Maintenance time at Tidal Life

We regularly scrape barnacles and green growth off Sunshine and The Dink, but now and then the underside of the website needs the same attention.

Part of this latest overhaul is removing duplicate content. Duplicates are frowned upon by Google and the other search engines of note. An article that appears in two places, even if I wrote them both, looks like copying. So I’m in the process of taking down the original Tidal Life.

The Tidal Life blog began on Blogger

As sort of a snapshot in time, I left the old Tidal Life blog and all the old posts in place on Blogger. Nothing new has been added there since 2010. But nine years is enough, so I have moved the old posts to this site.

Anyone who’d like to see what was happening back then and what was top of my mind in those land based days can start with these links. They form a short tour through my life and topics of the time.

Articles of particular interest:

Sunrise –  my very first post.

Inventory Time – about the work with Beach Watchers that started it all

Clams, Clams and More Clams – a story of angst and acceptance at the beach

Beach Finds – the uneasy relationship between trash and treasure

Even More Clams – science and trends among the mollusks

Nameless and the Noctiluca – why my sailboat was engulfed in a sea of orange algae

Wading in the Dark – a nighttime visit to an eelgrass bed to collect specimens and data

Madrone Meets Subaru – the time my beloved tree took out my car

Sea Level – ruminations and observations on the variable height of water

More Tidal Life history

There are many more stories you might enjoy, short snippets of life, diatribes about pollution, announcements of environmental news and activities. I’m very fond of what I wrote about back then, warts and all.
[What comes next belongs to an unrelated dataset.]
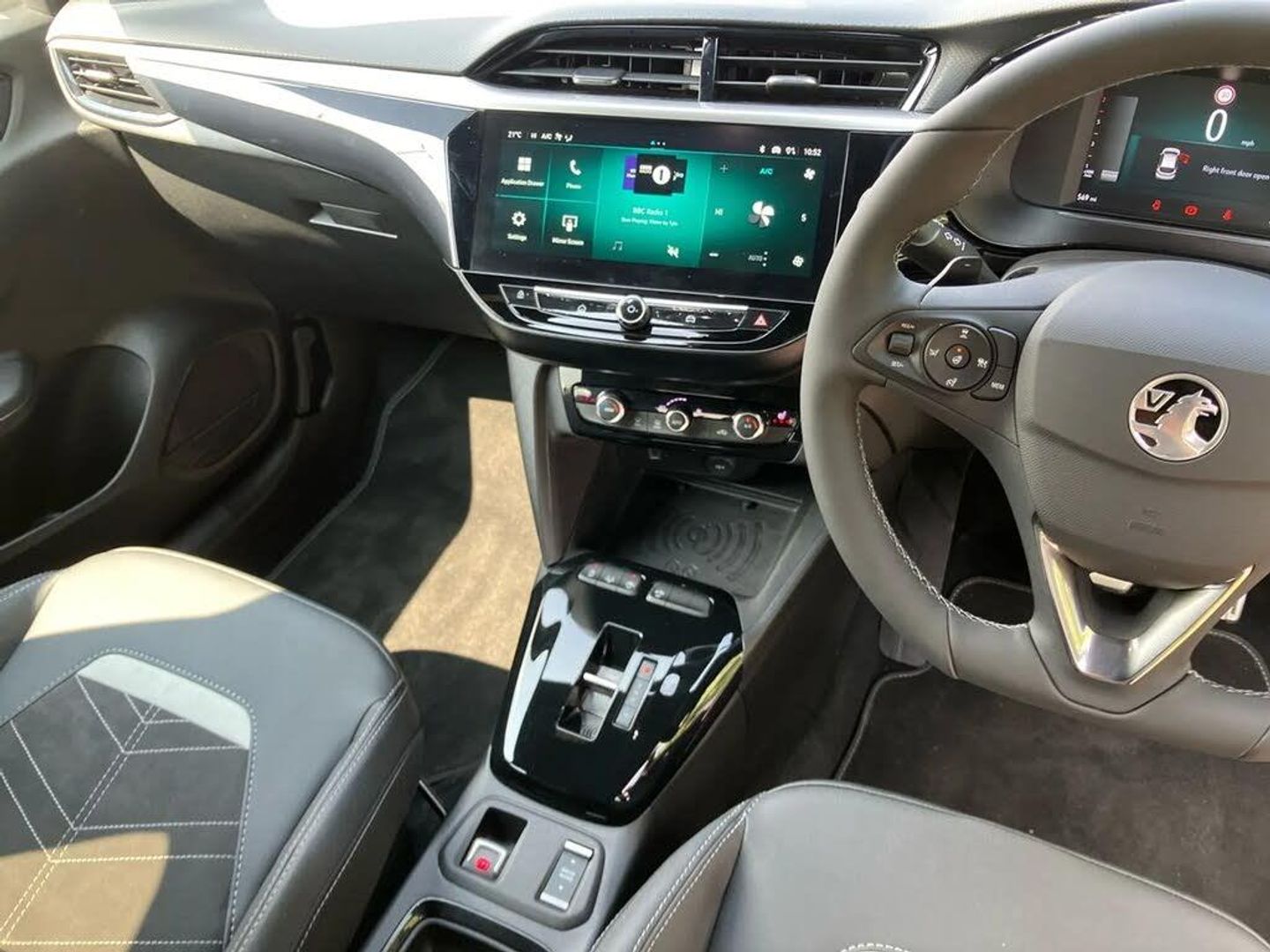 180 degree panoramic rear view camera,2D/3D street level mapping,7 inch digital instrument cluster display,Adaptive cruise control with intelligent speed limiter,Auto tele unit 3S vehicle communication system,Breakdown call (b-call),Central facia display with digital clock, outside air temperature and audio information,Drive modes (sport, normal, eco),Driver drowsiness alert system,E-call,Engine oil life indicator,Enhanced traffic sign recognition,European coverage,Extended speed sign recognition,Front and rear parking sensors,Front camera system,Instrumentation - Speedometer, rev counter, low fuel gauge warning light + water temperature gauge warning light,Lane departure warning,Lane keep assist,Lane positioning assist,Lights on audible warning,Live nav plus-Tom Tom,Real time traffic,parking prices,weather forecast,fuel prices,search for changing station,road safety alerts and speedcam alerts,MAP OTA updates,Multi function trip computer,POI (search),Pre conditioning of vehicle temperature,RDS with traffic programme,Remote check of battery level programming and charge management,Service indicator,Side blind spot alert,Smartphone projection,Speed sensitive power steering,Start/stop system,Vauxhall connect box,Vehicle status and information,Voice recognition,Wireless Apple CarPlay/Android Auto,Electronic returnless fuel system,Petrol Particulate Filter,Under body shield for aero,AM/FM stereo radio,Bluetooth A2DP audio streaming,DAB Digital radio,Multimedia Navi with 10-inch touchscreen,Rear USB port,Six speakers,Steering wheel audio, phone and cruise controls,USB type C port,3rd brake light,Automatic headlamp levelling,Automatic headlight control system,Black door mirror housings,Black Griffin logo and vizor frame,Black lower side window mouldings,Body colour door handles,Body colour front and rear bumpers,Bonnet/headlight/wiper structure,Corsa lettering in tailgate,Dark tinted rear side windows + tailgate window,Electrically adjustable and heated door mirrors,Electrically folding door mirrors,Electrically operated front and rear windows with safety auto reverse and one touch up/down facility,Electrochromic automatic anti-dazzle rear view mirror,Glazed tailgate and heated rear window with wash/wipe facility,Hazard warning lights,Headlamps for left side traffic,High beam assist,High gloss black finish B pillar,High gloss black honeycomb lower grille with black badging,IntelliLux Matrix LED Headlights,LED daytime running lights,LED front fog lights,LED tail lamp,Rain sensitive windscreen wipers,Rear fog lamp,Rear reversing lights,Rear side wing doors,Rear wiper,Shark fin aerial,Solar heat absorbing windscreen and windows,Sports front and rear body styling for upper and lower bumper design,Two speed windscreen wipers with variable intermittent wipe,Windscreen and side window demist vents,12V power sockets,3 bench rear seats in 2nd row,4 speed fan with illuminated controls,6 way manual adjustable co-driver seat height up/down, reach fore/aft, backrest upright/recline,6 way manual adjustable driver seat with massage function height up/down, reach fore/aft, backrest upright/recline,60/40 split folding rear seat,Alloy effect sport pedals,Black headliner,Cabin particulate filter - removes dust, airborne particles and pollen,Comfort front seats,Driver's seat lumbar support,Driver/passenger sunvisors with vanity mirrors + covers,Electronic climate control (ECC),Flat bottomed steering wheel,Four adjustable facia vents,Front centre armrest with storage,Front cupholder,Front headrests,Gearshift paddles,Height adjustable head restraints,Illuminated glovebox with lid,Interior courtesy light,Internal chrome door handles,LED ambient lighting,LED boot light,Polyurethane gear knob/lever,Reach and rake adjustable steering column,Rear cupholder,Rear headrests,ReNewKnit upholstery,Right hand drive (RHD),Single dome lamp with dual front reading lamps,Single front passenger seat,Standard floor mats,Two litre open door pockets,Vegan leather steering wheel,Winter pack - Corsa,3 rear 3 point seatbelts,Anti-lock braking system (ABS),Cornering brake control,Deactivation switch for front passenger's airbag,Drag torque control,Driver and front passenger airbags, front seat side impact airbags, full size curtain airbags,EBD - Electronic brakeforce distribution,Electrical child lock system in rear door latch,Electronic parking brake,Electronic Stability Programme (ESP),Emergency brake assist,Enhanced automatic emergency braking,Forward collision alert,Front seatbelt unfastened audible warning and warning light,Front ventilated disc brakes - 381mm,Hill hold and start system,ISOFIX child seat mountings incorporating top tether anchor points located on second row rear seats,Rear disc brakes - 356mm,Seatbelt pretensioners,Single tone horn,Straight line stability control,Traction control,Tyre deflation detection system,2 keys one folding with integral remote,Electronically protected audio equipment,Engine deadlock and immobiliser

And here’s a link to the really early stuff – my Tidal Life columns for the South Whidbey Record.

I hope you enjoy this glimpse into my formative years and all that was going on around Whidbey Island and Puget Sound back in the day.

About the Featured Photo

The photo above is a watercolor I did when I was trying to learn how to make water lay down. It’s of a man paddling a cayuca on the Amazon. I sold that painting when we moved aboard Sunshine. It now hangs in a private collection on Whidbey Island. Which is a pretentious way of saying somebody bought it to decorate their vacation rental cottage.

I attached it to this post because it seems to me that it says a bunch of things about what Tidal Life represents and what water is all about. Art, boats, transportation, sport, tradition, culture, the learning process, doing it yourself and going places. Though I can see all its flaws, I’m proud of that piece and it inspires me to better.

Thanks for reading Tidal Life over the years. You too inspire me to better.